Я хотел послушать соловья, камышовок (дроздовидную, большую, малую, тростниковую и, если повезёт, камышовку-барсучка), сверчков (обыкновенных, речных и соловьиных), увидеть варакушку, зарянку и услышать их пение. В то время у меня была идея-фикс научиться отличать камышовок по голосу, услышать и увидеть сверчков. Ещё хотел увидеть кого-нибудь из "невидимок" болотной орнитофауны. И всё это у меня, за редким исключением, получилось!
Были среди нас и такие парни, которые перед поступлением в Донецкий прошли "университеты" советской армии и военно-морского флота и растеряли там вместе с мозгами остатки школьных знаний. Таким, чтобы возобновить хоть какое-то подобие разумной деятельности, требовался Подфак (Подготовительный факультет). После Подфака можно было поступить в Донецкий университет по льготному проходному баллу. Они держались особняком, чтобы не умалять своего достоинства, редко ходили на экскурсии и, в основном, ничего не делали. Армия оставила глубокий след в их жизни и сознании. Так что по вечерам они пили местное пиво под гитару и бесконечные рассказы про "духов", "салаг" и "дембель", а также про Казахстан и Туркмению, Балтику и Северный флот.

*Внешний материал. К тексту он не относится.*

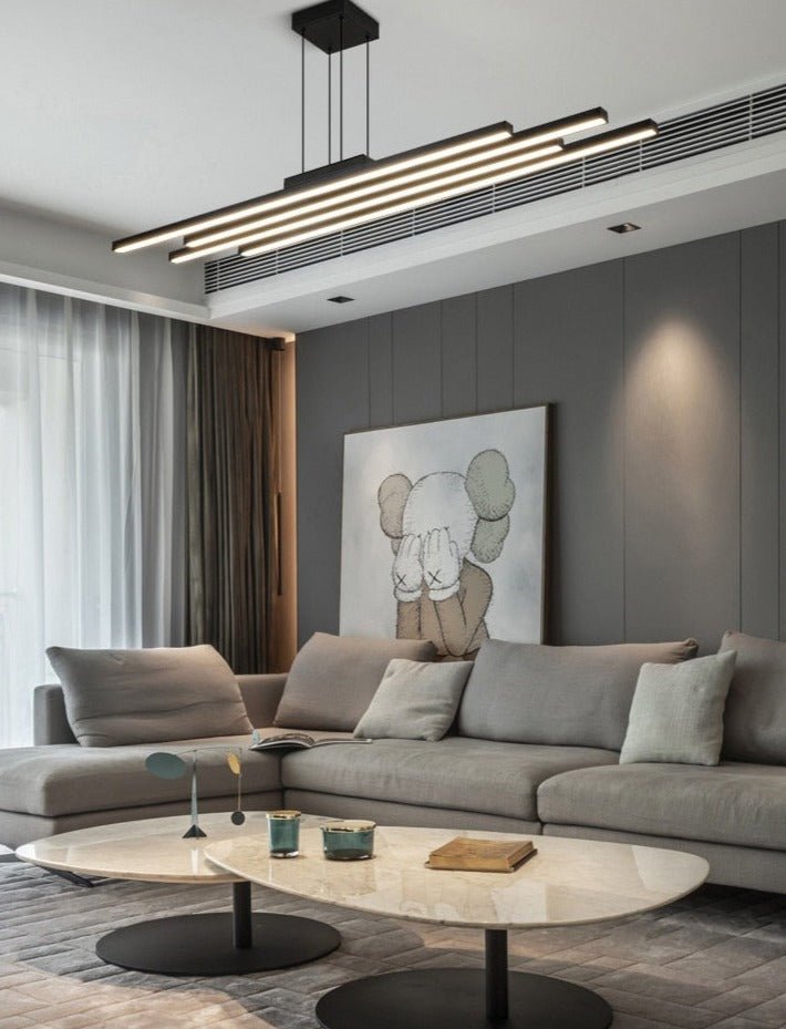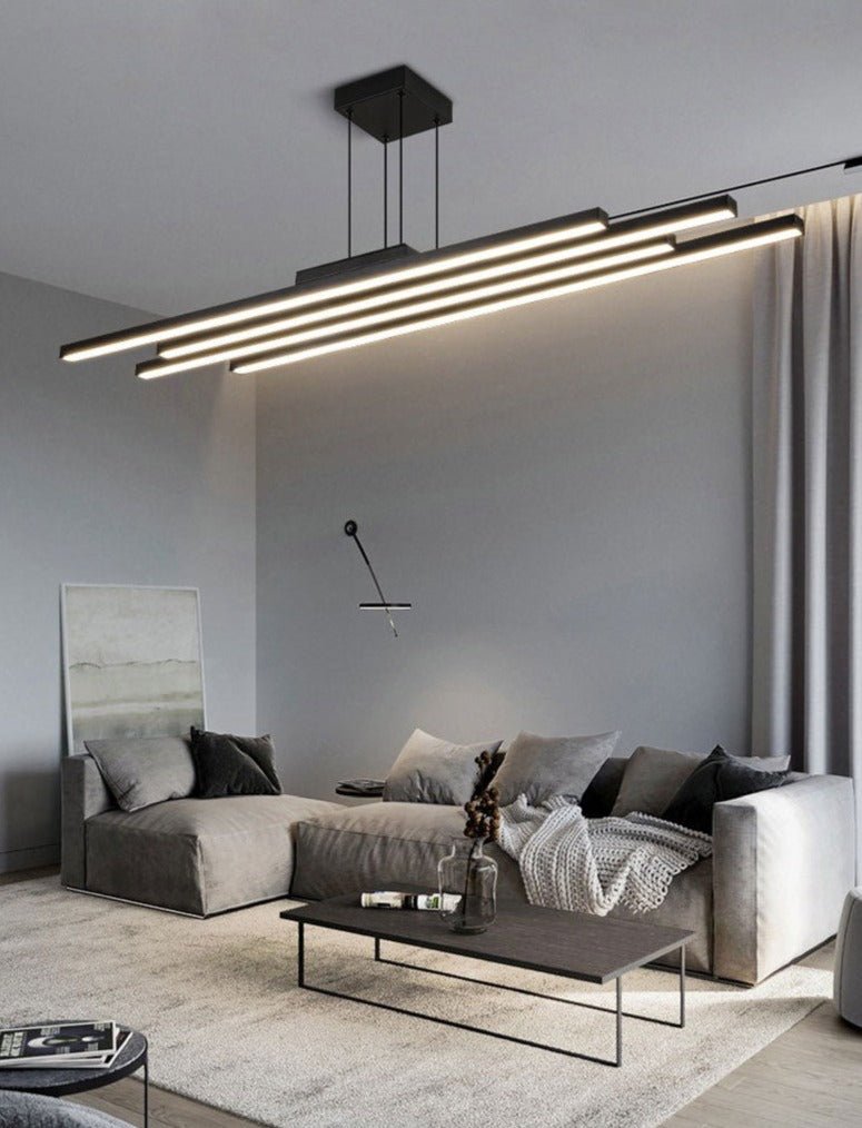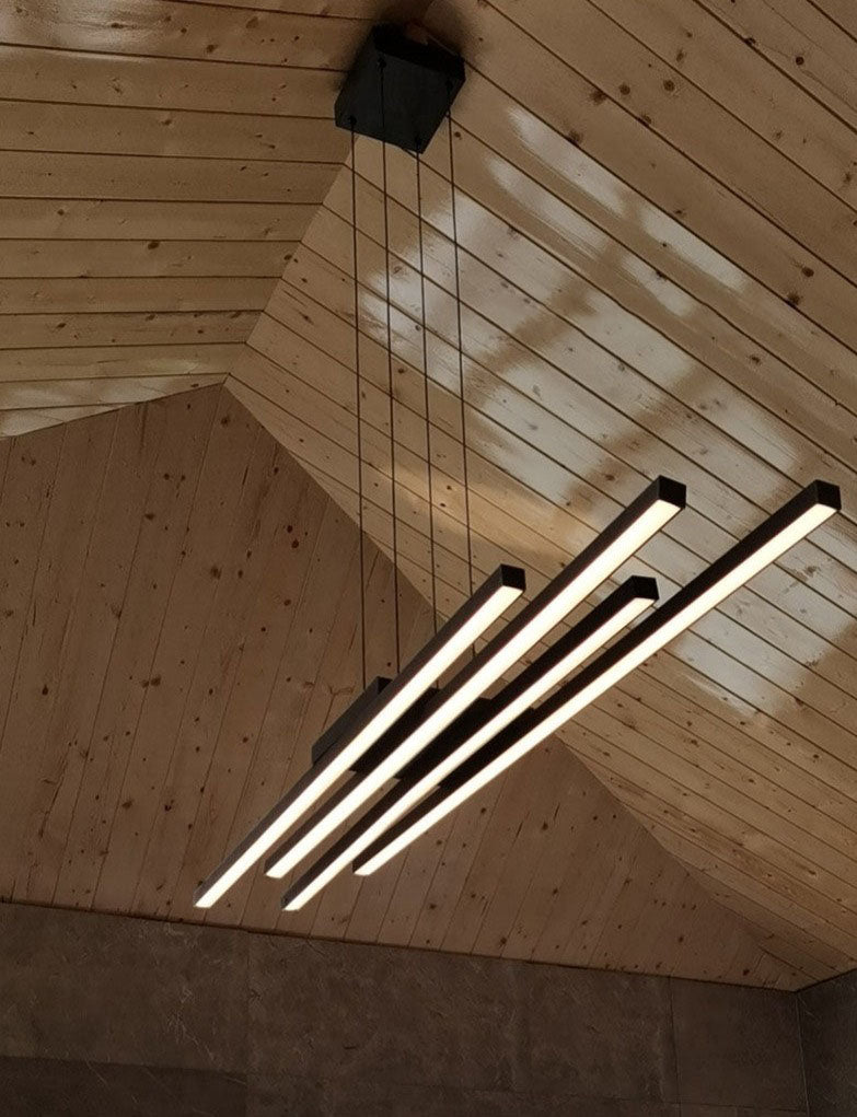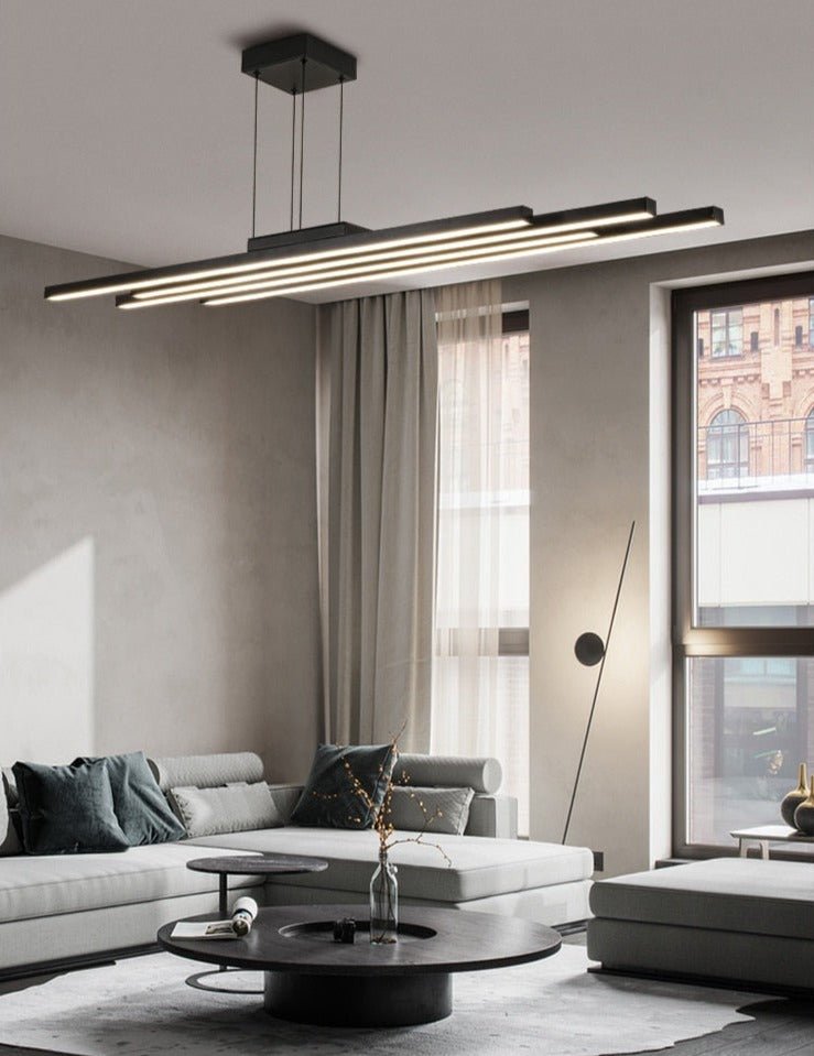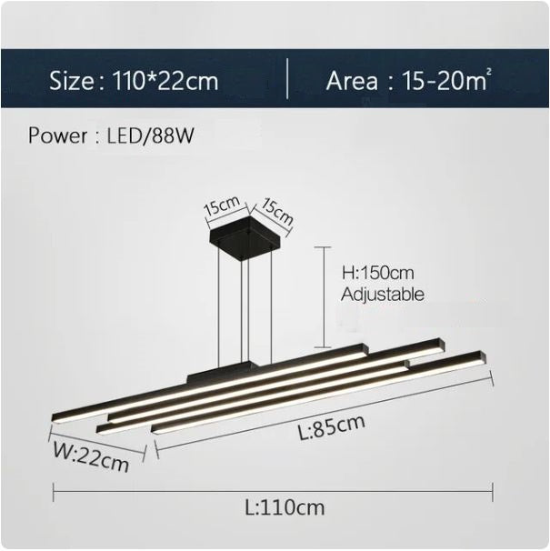 This Nordic Modern Minimalist LED Chandelier is made of aluminum material for a stylish and modern look. With its slim design and bright LED lighting, it offers a bright and modern atmosphere to any space.

Про Балтику и Северный флот рассказывал, самый старший из нас, отслуживший три года матросом, Кубрик, к счастью, не Stanley. Но, скоро он стал "Уррием" (Urrie). Иначе его никто не называл. Тогда мне казалось, что это его имя. Со временем я узнал, что его звали Юра. А Уррий - персонаж детского фильма "Приключения Электроника", 1979 года, гениально сыгранного Николаем Караченцевым. Пройдя через Подфак, он оказался со мной на одном курсе, но если я был 1971 года рождения, то он - 1965. Это был щуплый лысеющий, но с волосами до плеч, добродушный человек, вечно в тельняшке и вечно "под мухой". По слухам, служил он на ракетном крейсере и там матросам выдавали по ведру чистого спирта в день, для мытья пола в ракетном отсеке и протирки всяких приборов. Не знаю правда это или вымысел, но пил он изрядно. Когда через пять лет его младший брат пошёл по стопам старшего и тоже поступил на биофак, никто иначе, как Уррием-младшим, его не звал.
Гена служил на Иранской и Афганской границах. Его мечтой всегда было выращивать тюльпаны, и первые луковицы Гена привёз из высокогорий Средней Азии. Но, в течение первого курса он понял: чтобы заниматься любимым делом, вовсе не обязательно заканчивать университет, и не стал сдавать даже первую сессию. Так что и на биостанцию в Яцкое он просто приезжал в гости на выходные. А жаль, был он хороший парень! И мы до сих пор общаемся в социальных сетях.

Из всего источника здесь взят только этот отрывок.